From the first line to the last, reproduce the records below exactly, omitting any picture.

*** Opening Records for the task ***

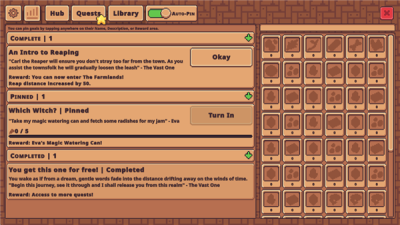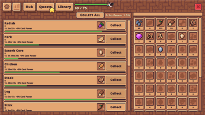 游戏的玩法流程清晰而富有层次。初入游戏,玩家将通过简单的任务引导熟悉基本操作,在【Quests】界面接取任务,并利用【PINNED】功能追踪目标。核心的互动集中于主界面:点击【Begin Farming】,Caleb便会开始自动执行包括浇水、收集、战斗在内的一系列冒险行为。当遇到NPC时,与之互动【MEET】可以接取到各种剧情或资源收集任务,帮助村民收集木材。玩家需要根据任务要求,引导Caleb进入相应场景(如点击【Enter Woods】进入森林砍树)。任务完成后,进度条会变为绿色,提交即可获得奖励。整个过程中,玩家的核心职责并非微观操控,而是宏观管理——在Caleb自动冒险的持续关注其装备状态,利用收集到的资源进行锻造和卡牌炼金,研究卡牌之间的连锁效应,逐步构建并优化属于自己的最强流派,以应对愈发艰险的挑战。
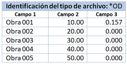 NOTA: El archivo .OD está obsoleto, y no tiene soporte para los nuevos datos introducidos en las obras de drenaje. Se recomienda utilizar el formato .XML en su lugar.
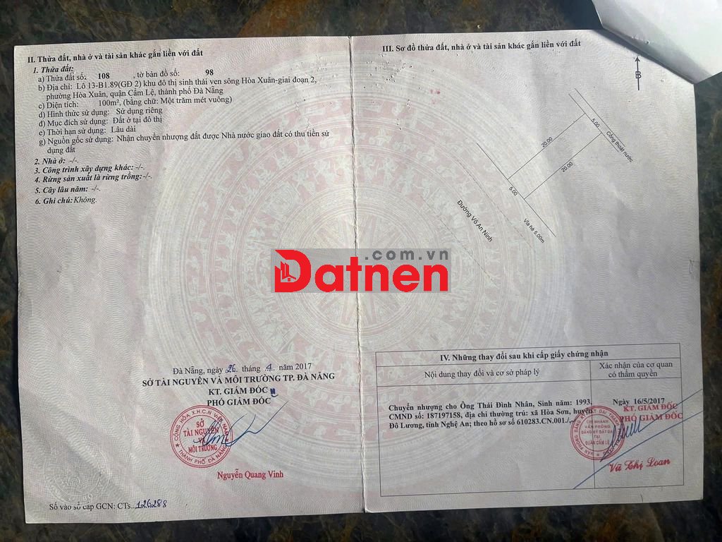 Quý vị đang xem nội dung tin rao "Chủ gởi bán 2 lô đất liền kề đường 10,5m Võ An Ninh - Hòa Xuân .". Mọi thông tin, nội dung liên quan tới tin rao này là do người đăng tin đăng tải và chịu trách nhiệm. Datnet.com.vn luôn cố gắng để các thông tin được hữu ích nhất cho quý vị tuy nhiên Datnet.com.vn không đảm bảo và không chịu trách nhiệm về bất kỳ thông tin, nội dung nào liên quan tới tin rao này.
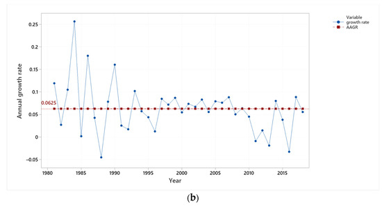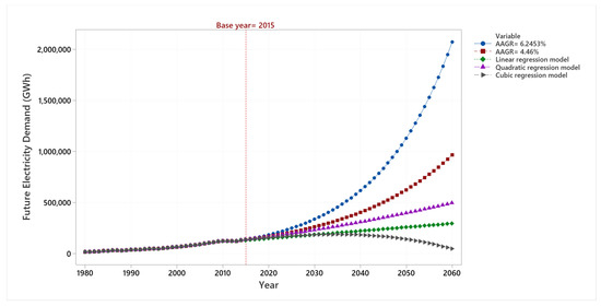 Energy-demand projections drive the energy system. It is the most important parameter in the optimization process. In this study, data on the electricity demand from 1980 to 2015 (base year) are collected and statically analyzed by two models to select the most conservative model as an input. The first model is the average annual growth rate (AAGR) of 6.2453% for the electricity demand. The value of AAGR was considered depending on the normal distribution of the annual growth rate from 1980 to 2015 [16]. Figure 2a summarizes the statistical analysis of the annual growth rate for electricity consumption. The average value is 0.062453, and median value is 0.060406. Figure 2b shows the fluctuation of the annual growth rate from 1980 to 2015, and the average value of annual growth rate. From a literary review, we obtained the value of the average annual growth rate of 4.46%. This value was calculated by applying the computable general equilibrium model. This model was developed by the international food policy research institute to use in the analysis of agriculture plans. However, the model can be used to determine electricity demand [17]. The second model used was the polynomial regression analysis. We used the previous data collected to generate three regression models. The first model was a linear regression model with R2 = 96.4%, the second model was a quadratic regression model with R2 = 98.7% and the final model was a cubic regression model with R2 = 99.0%.
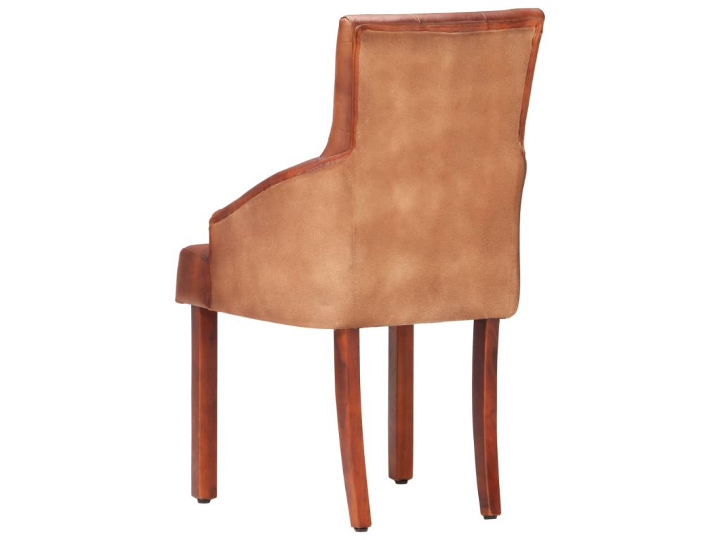 Tyto židle jsou čalouněné odolnou pravou kozí kůží, takže vám poskytnou vynikající zážitek ze sezení. Jídelní židle podepírají nohy z masivního akáciového dřeva, což jim dodává na stabilitě a robustnosti.
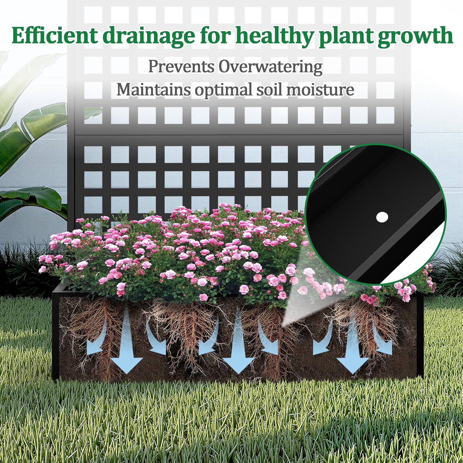 • Optimal Water Management: The planter with trellis features a deep planting bed, offering generous space for healthy root development. The raised garden bed also comes with built-in drainage holes that efficiently prevent water accumulation, helping your plants maintain proper moisture levels for optimal growth.

*** Closing Records for the task ***

Expected answer:
 游戏的玩法流程清晰而富有层次。初入游戏,玩家将通过简单的任务引导熟悉基本操作,在【Quests】界面接取任务,并利用【PINNED】功能追踪目标。核心的互动集中于主界面:点击【Begin Farming】,Caleb便会开始自动执行包括浇水、收集、战斗在内的一系列冒险行为。当遇到NPC时,与之互动【MEET】可以接取到各种剧情或资源收集任务,帮助村民收集木材。玩家需要根据任务要求,引导Caleb进入相应场景(如点击【Enter Woods】进入森林砍树)。任务完成后,进度条会变为绿色,提交即可获得奖励。整个过程中,玩家的核心职责并非微观操控,而是宏观管理——在Caleb自动冒险的持续关注其装备状态,利用收集到的资源进行锻造和卡牌炼金,研究卡牌之间的连锁效应,逐步构建并优化属于自己的最强流派,以应对愈发艰险的挑战。
 NOTA: El archivo .OD está obsoleto, y no tiene soporte para los nuevos datos introducidos en las obras de drenaje. Se recomienda utilizar el formato .XML en su lugar.
 Quý vị đang xem nội dung tin rao "Chủ gởi bán 2 lô đất liền kề đường 10,5m Võ An Ninh - Hòa Xuân .". Mọi thông tin, nội dung liên quan tới tin rao này là do người đăng tin đăng tải và chịu trách nhiệm. Datnet.com.vn luôn cố gắng để các thông tin được hữu ích nhất cho quý vị tuy nhiên Datnet.com.vn không đảm bảo và không chịu trách nhiệm về bất kỳ thông tin, nội dung nào liên quan tới tin rao này.
 Energy-demand projections drive the energy system. It is the most important parameter in the optimization process. In this study, data on the electricity demand from 1980 to 2015 (base year) are collected and statically analyzed by two models to select the most conservative model as an input. The first model is the average annual growth rate (AAGR) of 6.2453% for the electricity demand. The value of AAGR was considered depending on the normal distribution of the annual growth rate from 1980 to 2015 [16]. Figure 2a summarizes the statistical analysis of the annual growth rate for electricity consumption. The average value is 0.062453, and median value is 0.060406. Figure 2b shows the fluctuation of the annual growth rate from 1980 to 2015, and the average value of annual growth rate. From a literary review, we obtained the value of the average annual growth rate of 4.46%. This value was calculated by applying the computable general equilibrium model. This model was developed by the international food policy research institute to use in the analysis of agriculture plans. However, the model can be used to determine electricity demand [17]. The second model used was the polynomial regression analysis. We used the previous data collected to generate three regression models. The first model was a linear regression model with R2 = 96.4%, the second model was a quadratic regression model with R2 = 98.7% and the final model was a cubic regression model with R2 = 99.0%.
 Tyto židle jsou čalouněné odolnou pravou kozí kůží, takže vám poskytnou vynikající zážitek ze sezení. Jídelní židle podepírají nohy z masivního akáciového dřeva, což jim dodává na stabilitě a robustnosti.
 • Optimal Water Management: The planter with trellis features a deep planting bed, offering generous space for healthy root development. The raised garden bed also comes with built-in drainage holes that efficiently prevent water accumulation, helping your plants maintain proper moisture levels for optimal growth.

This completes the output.